The Digital Reckoning

  • Share
  • Read Later
The legal system may be the last refuge of doomed business models. When Big Steel and the auto industry were under pressure during the '70s from low-cost imports, their first instinct was not to change their outmoded manufacturing plants but to beseech the courts to bar the outlanders. The record industry has taken a similar tack, charging the purveyors of digital music with violating copyright law and Fair Use agreements. But even favorable rulings like the one the Record Industry Association of America won in district court against popular music website provide only temporary respite.

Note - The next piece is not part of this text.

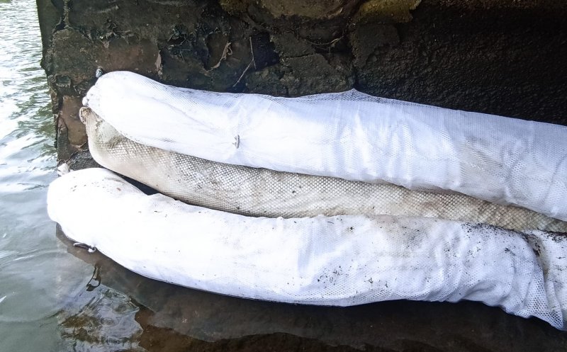 Specialiștii Sistemului de Gospodărire a Apelor (SGA) Cluj continuă să intervină pentru limitarea efectelor poluării râului Someșul Mic. Aceștia au suplimentat materialul absorbant și utilizează spill sorb, un absorbant natural și biodegradabil, pentru a reține hidrocarburile.

Sooner or later, the Darwinian economics of new technologies force businesses to adapt or die.

Two weeks ago, Lars Ulrich, drummer and founder of the band Metallica, unloaded boxes containing the names of 335,000 alleged music pirates in front of the San Mateo, Calif., headquarters of Napster, the software company responsible for the file-sharing program that has made the long-prophesied digital-music revolution a reality. "We're doing this because nobody else has the balls to," says Ulrich of a move that would seem to pit the band against some of its constituency.

But his stunt only obscured the real issue: the $40 billion music industry's business is evolving, painfully, from selling products to simply providing a service.

Selling compact discs was viable as long as the companies controlled the quantity and destiny of that music. Metallica CDs have been available only from stores, catalogs and online sites, and sold at a price that covers production, marketing, distribution, royalties to the artist and, not least, the markup for record company and retailer. That's why CDs that each cost 50 to make retail for $15. As long as the only way to get that music was through those channels, then Metallica and its label, Electra (owned by Time Warner, TIME's publisher), had a great gig. Last week a Federal Trade Commission settlement with major record companies put a crimp in that business. It said consumers may have overpaid $480 million in the past three years and that the companies would change their pricing policies.

The real threat to that business model, however, is client-to-client-based programs like Napster, Gnutella and Freenet that make searching and swapping MP3 music files quick and painless. Suddenly Metallica and Elektra no longer control the quantity and destiny of their songs. It costs zip to download Metallica's And Justice for All via Napster. If you're selling CDs, it's hard to build a business around that price point.

As a gatekeeper to its community, however, Napster may yet stumble onto a viable business. Its traffic has been growing at 1,000% a month, and venture capital is begging for a piece of the action. But what exactly is Napster's business? It doesn't produce music, nor does it store or distribute it. What it does provide is a service, acting as a kind of switchboard that connects users with the music they want. (Napster claims to skirt the copyright issue by moving files directly from client to client, never housing illegal files on its servers.) It could try to license this technology; it could figure out a way to sell music like a jukebox, and sell the "eyeballs" in the form of advertising. "The music business will become about growing the size of the crowd," says Jim Griffin, a digital-music consultant. "It becomes more like radio or television." The industry could thus shift from selling CDs to collecting subscription fees for its service, like cable TV. The record labels, or whoever succeeds them, also become gatekeepers rather than distributors of products.

As faster, wireless Internet connections become commonplace, artists will be compensated the same way they are when their songs are played on the radio, by the payment of a negotiated royalty per play or download. (The difference between playing and downloading becomes irrelevant in an always-on, high-bandwidth environment.) Either way, the business of selling CDs will be harder to sustain when free music is widely available.

The industry plans to fight rearguard actions until it has squeezed the last few billion out of its current business model. Metallica--whose members are unabashedly capitalist--was even willing to risk alienating fans to defend its copyright. "Technology is certainly leading the pack over the music industry as a whole," says Ulrich. "Does that mean music should be free? If you're a f______ plumber, does that mean you should come over and unplug my toilet for free?"

The labels may succeed in squelching Napster (which has already lost a major court battle) and Gnutella, an even more insidious file-sharing client. But right now, in some suburban bedroom or urban dorm room, a kid is probably hunched over her keyboard, working on a newer, faster, slicker piece of file-sharing software. And there's probably another kid in Bangalore or Brussels working on a better compression format. Ultimately, it will be technology and economics, not lawyers or megabands, that will call the tune in the music business.